Zionists gone wild
About 7,500 young people gathered near Jerusalem last week for Birthright Israel’s mega-event, and I flew home from Israel last Thursday on a flight containing about 7,200 of them.
Earlier in the week, Rob Eshman, editor of the Jewish Journal of Greater L.A., reminded me of a column he had written a year earlier about the not-so-secret secret of Birthright’s success. Wrote Rob:
But let’s be honest about what accounts for a good part of the program’s runaway success — hormones.
“No one tells you it’s about hooking up with other Jews,” one 20-something participant told me, “but there’s plenty there to make it happen.”

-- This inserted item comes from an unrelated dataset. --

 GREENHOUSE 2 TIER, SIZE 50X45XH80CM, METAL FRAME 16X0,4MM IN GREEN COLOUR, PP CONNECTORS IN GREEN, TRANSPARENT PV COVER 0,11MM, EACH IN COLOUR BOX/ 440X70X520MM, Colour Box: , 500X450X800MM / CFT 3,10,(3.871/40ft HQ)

There is no curfew, chaperones who are in some cases only a couple of years older than the visitors and lots of booze.
“What happens among the Diaspora,” one happy birthrighter from Pittsburgh told me, “stays among the Diaspora.”

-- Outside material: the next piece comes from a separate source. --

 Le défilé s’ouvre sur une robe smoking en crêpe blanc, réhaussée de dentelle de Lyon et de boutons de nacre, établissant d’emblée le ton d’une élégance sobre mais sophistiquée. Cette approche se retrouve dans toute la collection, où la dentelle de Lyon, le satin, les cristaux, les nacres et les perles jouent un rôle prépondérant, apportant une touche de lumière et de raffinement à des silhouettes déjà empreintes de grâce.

Rob took flak for comparing Birthrighters to spawning grunions (maybe he should have compared them to herring or white fish), but I can personally attest to the concupiscence of my fellow passengers. Before the kids fell asleep (about six minutes into the flight, and as heavily as cows struck with a stun baton), the chatter all around me was a medley of sexual banter, come-ons, and innuendoes.
Eshman said it best:
Like most Jews in a generation that missed out on the birthright junket, I’m jealous, but supportive. I understand that, as my friend Jon Drucker is fond of saying, Jewish survival is not in the genes, but in the jeans.